Cells, Cellular Components, Transport Systems, Fluid Movement Between Compartments Flashcards
(63 cards)
What is active transport?
The energy-requiring process by which substances are moved up their concentration gradient (i.e. from an area with lower concentration to one with a higher concentration).
What is adenosine diphosphate (ADP)?
The product produced when adenosine triphosphate (ATP) is metabolised with the breaking of its high energy phosphate bond to release energy.
What is adenosine triphosphate (ATP)?
High-energy compound which provides energy for the cell when its high energy bonds with phosphate groups are broken.
What are compartments in the body?
Spaces within the body that are separated by living membranes.
What is cytoplasm?
The fluid and contents of a cell.
What is diffusion?
The movement of substances down their concentration gradients from a higher to a lower concentration.
What are electrolytes?
Substances that dissociate in water to form ions.
What is endocytosis?
Bulk movement into a cell.
What does extracellular mean?
Outside cells.
What is exocytosis?
Bulk movement out of a cell.
What is facilitated diffusion?
Diffusion with the aid of a transport protein.
What does hydrophilic mean?
Water-loving, soluble in water.
What does hydrophobic mean?
Water-hating, insoluble in water and soluble in lipids.
What is hypertonic?
A solute concentration higher than that of intracellular fluid. Cells placed in a hypertonic solution would shrink, as water would flow out into the hypertonic solution by osmosis.
What is hypotonic?
Solute concentration lower than that of intracellular fluid. Cells placed in a hypotonic solution would swell, as water would flow from the hypotonic solution into the cells by osmosis.

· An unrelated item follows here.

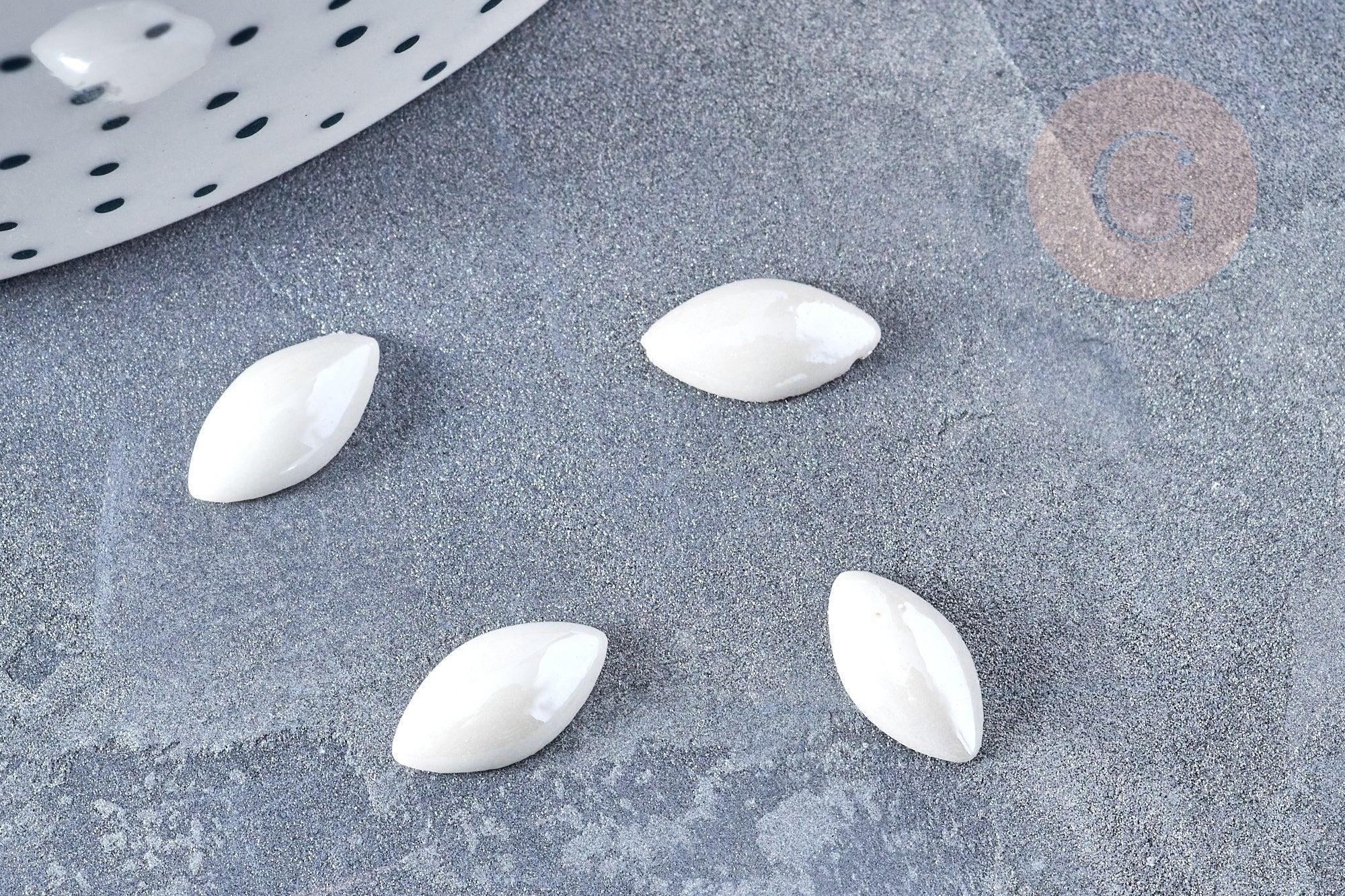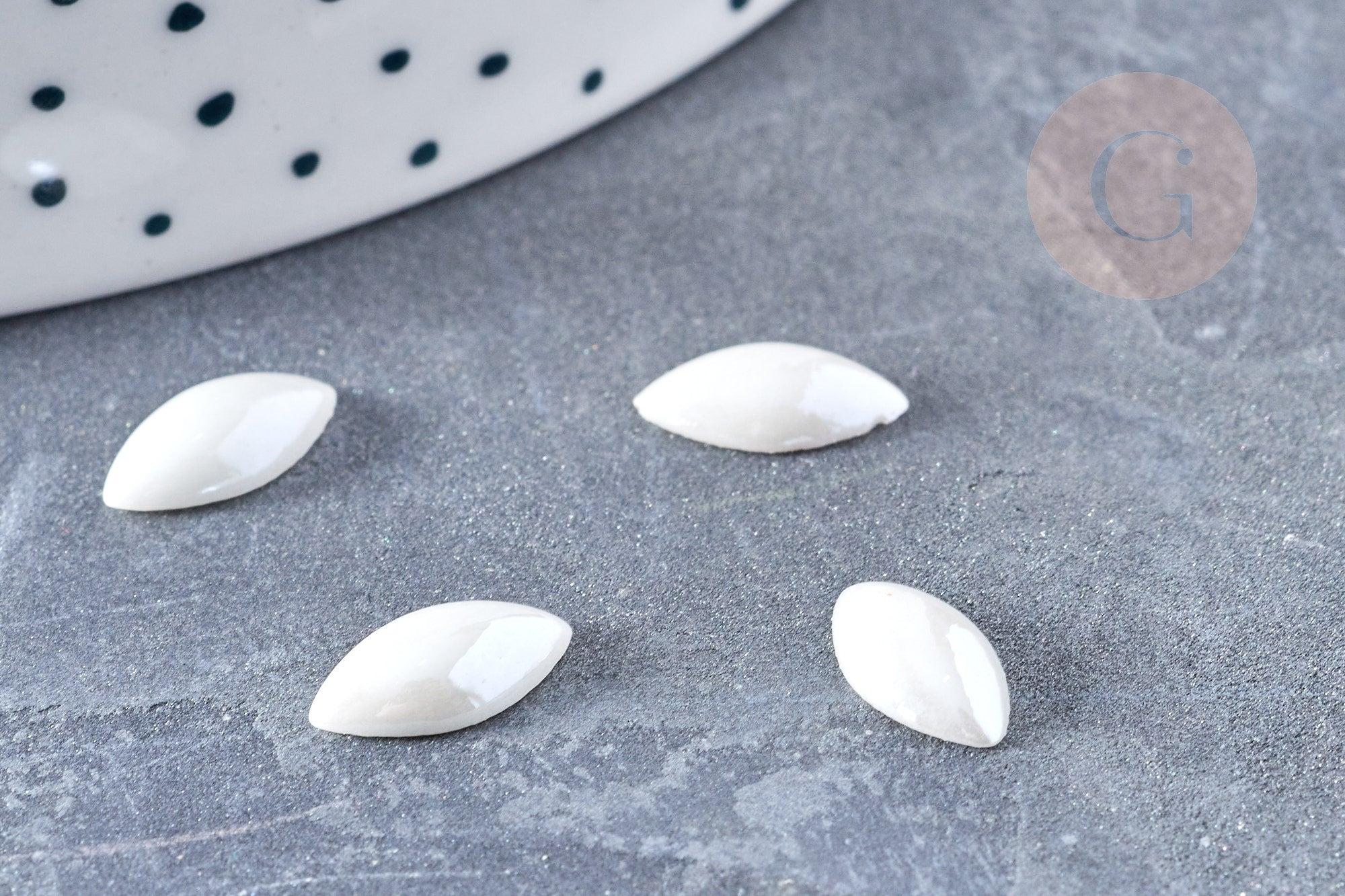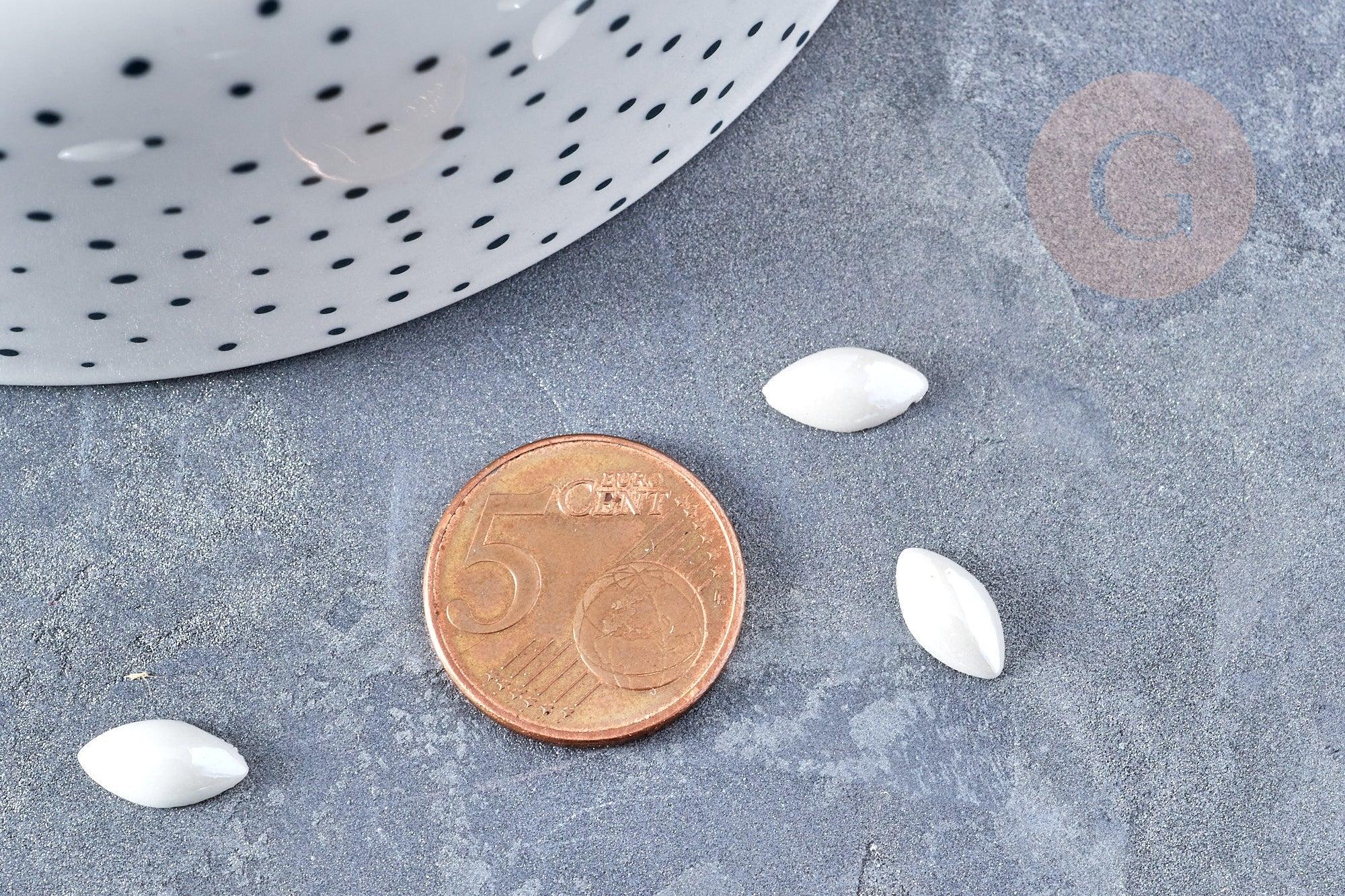 Cabochon ovale verre irisé blanc 6x12mm, x10 (G8706)
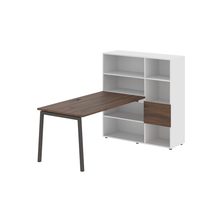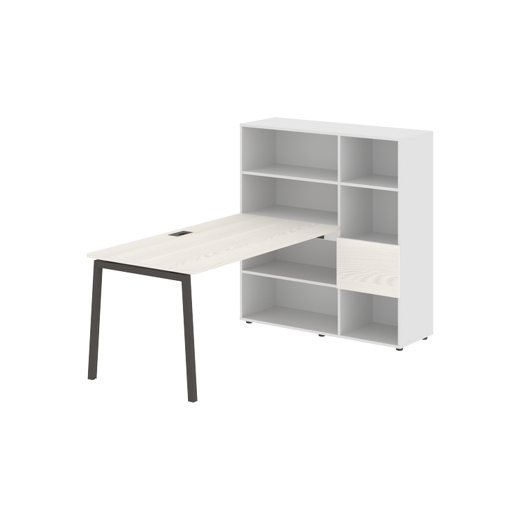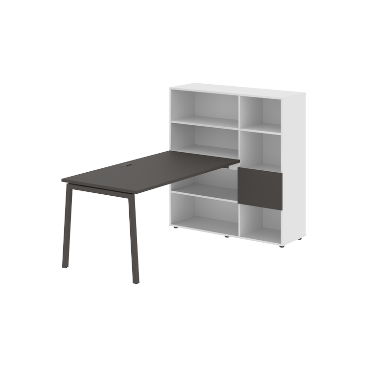 Столешница глубиной 800 мм, комплектуется регулируемой опорой L-образной формы из профиля трубы 40х40, комплектом телескопических траверс и двумя кронштейнами для крепления к стеллажу.

What does ‘Interstitial’ refer to?
Between cells.
What does ‘Intracellular’ mean?
Inside the cell.
What are organelles?
‘Mini organs’ that perform the vital functions of the cell.
What is osmosis?
Movement of water through a selectively permeable membrane to even out the solute concentration on either side of the membrane.
What is osmotic pressure?
The pressure that must be exerted on a solution into which water is flowing by osmosis in order to completely oppose that osmotic movement.
What is passive transport?
The process by which substances move down a concentration gradient without requiring energy.
What is the plasma membrane?
Outer layer of the cell.
What is a transport protein?
Large protein molecules that move specific substances across a cell membrane.
A solution containing a higher concentration of solutes than the cytosol of a cell is:
hypertonic
Example: In a hypertonic solution, cells may lose water and shrink.